Alternative Therapies may Not be So Effective in Asthma Control in Kids

by Savitha C Muppala on  December 2, 2010 at 10:04 PM Child Health News   - G J E 4
A recent study from Universite de Montreal has revealed that nearly 13 percent of parents begin alternative therapies to treat their children's asthma.

The findings suggest that this trend is associated with a two-fold higher rate of poor asthma control in children.
 Alternative Therapies may Not be So Effective in Asthma Control in Kids
Alternative Therapies may Not be So Effective in Asthma Control in Kids

"Previous studies have shown that close to 60 percent of parents believe that complementary and alternative medicines are helpful. Yet, well designed studies have failed to show any evidence that therapies such as acupuncture, homeophathy, chiropractic medicine or herbal therapy are effective in asthma," said senior author Francine M. Ducharme, a Universite de Montreal professor.

"Parents may not be aware of the risk associated with the use of alternative medicine, including adverse reactions, possible interactions with conventional asthma therapy, as well as delay in taking, and compliance with, effective asthma therapy. Our findings confirm that children using complimentary or alternative medicine, are twice as likely to have poor asthma control that those that don't," he added.

More than 2000 families, who came to the Asthma Centre at the Montreal Children's Hospital for an initial visit, completed questionnaires. Parents were asked if they used any form of alternative medicine to help alleviate their children's asthma and to specify which type.

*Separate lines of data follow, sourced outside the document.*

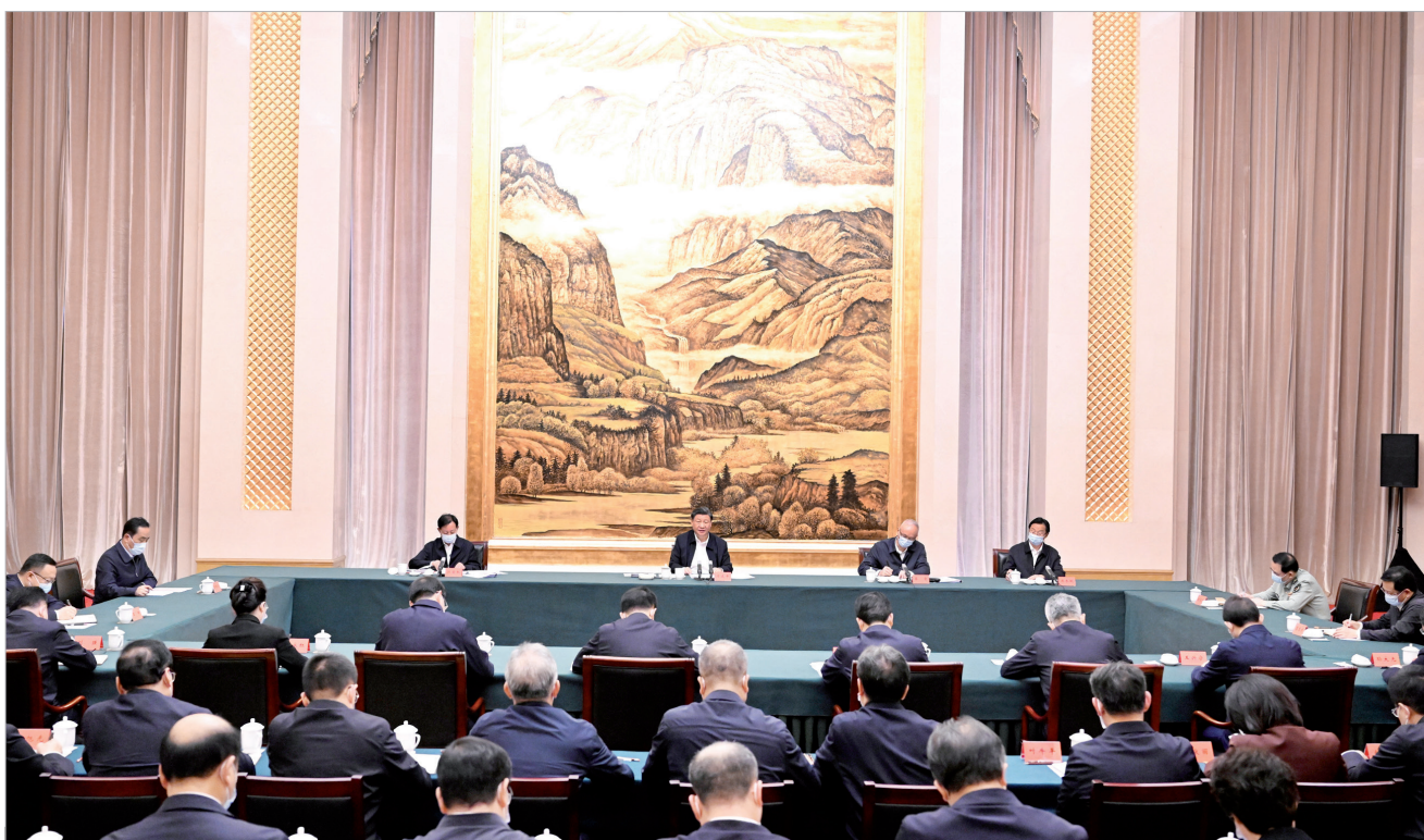
5月17日上午，中共中央总书记、国家主席、中央军委主席习近平在陕西西安主持中国—中亚峰会前夕，专门听取陕西省委和省政府工作汇报，发表了重要讲话。

新华社陕西西安/山西运城5月17日电 中共中央总书记、国家主席、中央军委主席习近平在听取陕西省委和省政府工作汇报时强调，陕西在推进中国式现代化建设中要有勇立潮头、争当时代弄潮儿的志向和魄力，奋力追赶、敢于超越，在西部地区发挥示范作用。要完整、准确、全面贯彻新发展理念，紧紧围绕高质量发展这个首要任务，着眼全国发展大局，立足陕西实际，发挥自身优势，明确主攻方向，主动融入和服务构建新发展格局，努力在实现科技自立自强、构建现代化产业体系、促进城乡区域协调发展、扩大高水平对外开放、加强生态环境保护等方面实现新突破，奋力谱写中国式现代化建设的陕西篇章。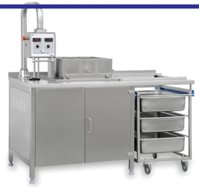
NILMA ΦΡΙΤΕΖΑ ΜΟΝΗ- ΔΙΠΛΗ ΜΕ ΠΡΟΓΡΑΜΜΑΤΙΣΜΟ ΡΕΥΜΑ - ΑΕΡΙΟ 80-80+80 lt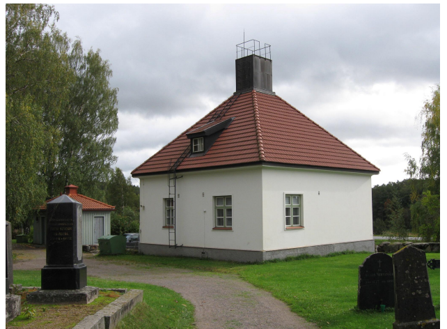
"Kahvimylly" toimii nykyisin kerhotilana. Alun perin se rakennettiin suntion asunnoksi.

Kirkon kaakkoispuolelle valmistui korjausrakentamisen yhteydessä vuosina 1932-33 suntion asunto, jonka yhteydessä on lämpökeskus. Rakennuksen on suunnitellut korjaussuunnitelmista vastannut Kauno S. Kallio. Suntion asuinrakennus on valkoiseksi rapattu, tiilikattoinen pienehkö talo. Rakennukselle antaa ilmettä korkea telttakatto, jonka yllä kohoaa savupiippu. Hauskan ulkonäkönsä takia rakennus on saanut lempinimen "kahvimylly". Rakennus toimii nykyään seurakunnan kerhotilana. Rakennuksen vieressä on pieni vaaleanvihreäksi maalattu rakennus, jossa sijaitsee lämpökeskus ja yleisö-WC:t. (Kuvaliite 1/2)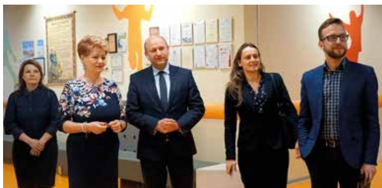
Wizyta delegacji łotewskiej

Przypomnijmy, że na terenie obiektu aż 4 projekty zostały zrealizowane przy udziale środków unijnych - budowa przedszkola z dofinansowaniem 1.996.948,79 zł, budowa szkoły podstawowej z dofinansowaniem 1.525.423,02 zł, budowa żłobka z dofinansowaniem 1.838.785,23 zł oraz projekt realizowany w przedszkolu w Wysokiej: „Edukacja i partnerstwo bez barier – upowszechnienie i zapewnienie wysokiej jakości edukacji przedszkolnej poprzez utworzenie nowych miejsc wychowania przedszkolnego, organizację dodatkowych zajęć edukacyjnych dla dzieci oraz podnoszenie kwalifikacji na-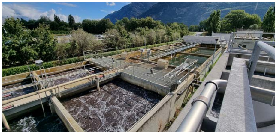
La STEP actuelle de Saillon est aux normes. Des investissements seront régulièrement consentis pour la maintenir performante.

Un projet régional pourrait cependant tout de même voir le jour, les trois autres municipalités poursuivant les discussions dans ce sens.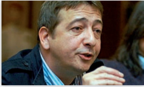
Bayer Zsolt magyar író, újságíró, publicista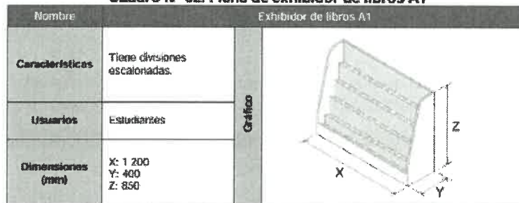
Cuadro N° 62. Ficha de exhibidor de libros A1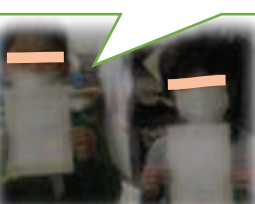
ポップで本の紹介！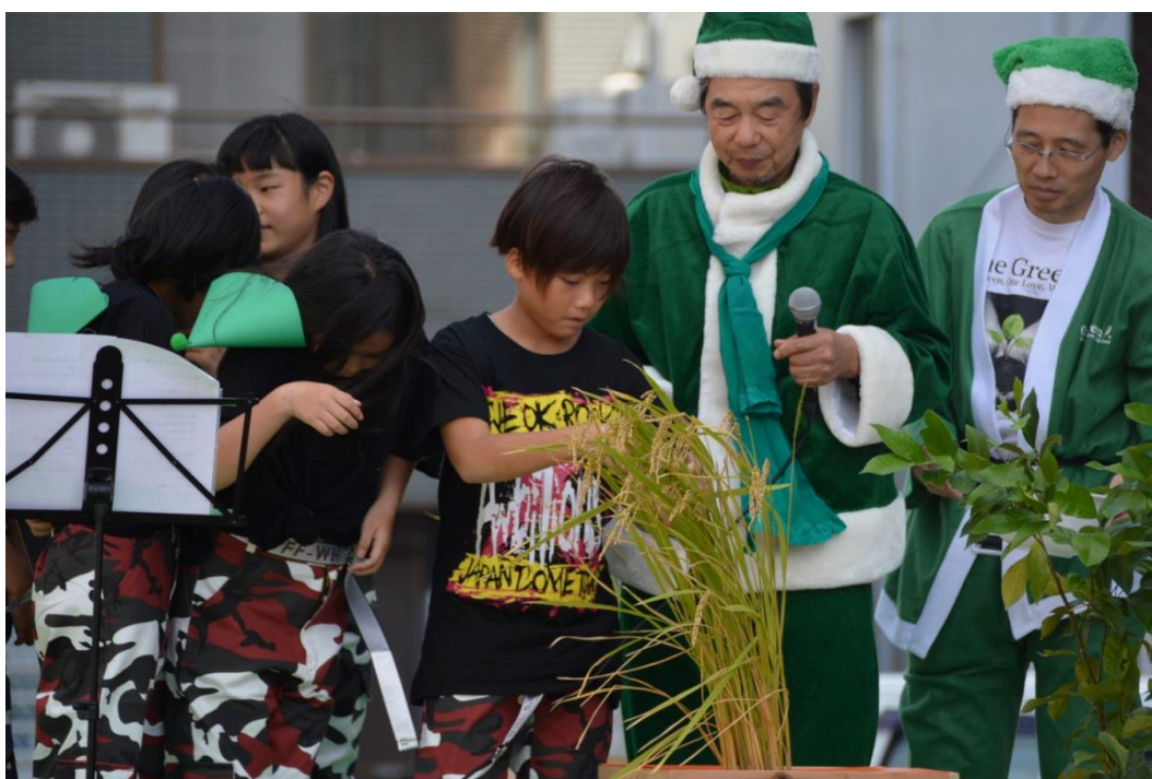
One Green みどりのサンタセレモニー： テラプロジェクトの産学連携活動および社会貢献活動 PR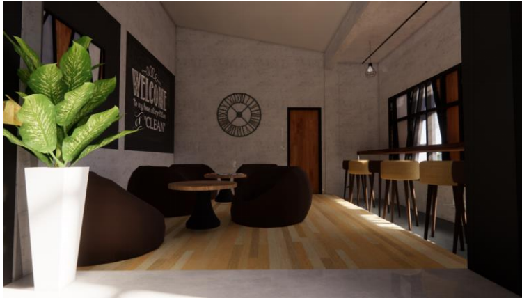
Gambar.14. Desain ketiga ruang indoor bagian utara

Permasalahan: Penataan area duduk di depan pintu masuk yang terkesan menghalangi sirkulasi, serta pemilihan material, warna dan furnitur masih kurang sesuai dengan konsep gaya industrial.

The findings showed that over eight years, the use of alternative therapy remained stable around 13 percent. There was a relationship between alternative and complementary medicine use, and pre-school age, Asian ethnicity, episodic asthma, and poor asthma control.

The most commonly reported alternative therapies included supplemental vitamins, homeopathy and acupuncture.

"Most of the children receiving these therapies were younger than six. This is particularly troublesome, given that there is no evidence that these therapies are effective and preschool aged children suffer more asthma flare-ups requiring an emergency department visit than all other age groups," said Ducharme.

The study is published in the Canadian Respiratory Journal.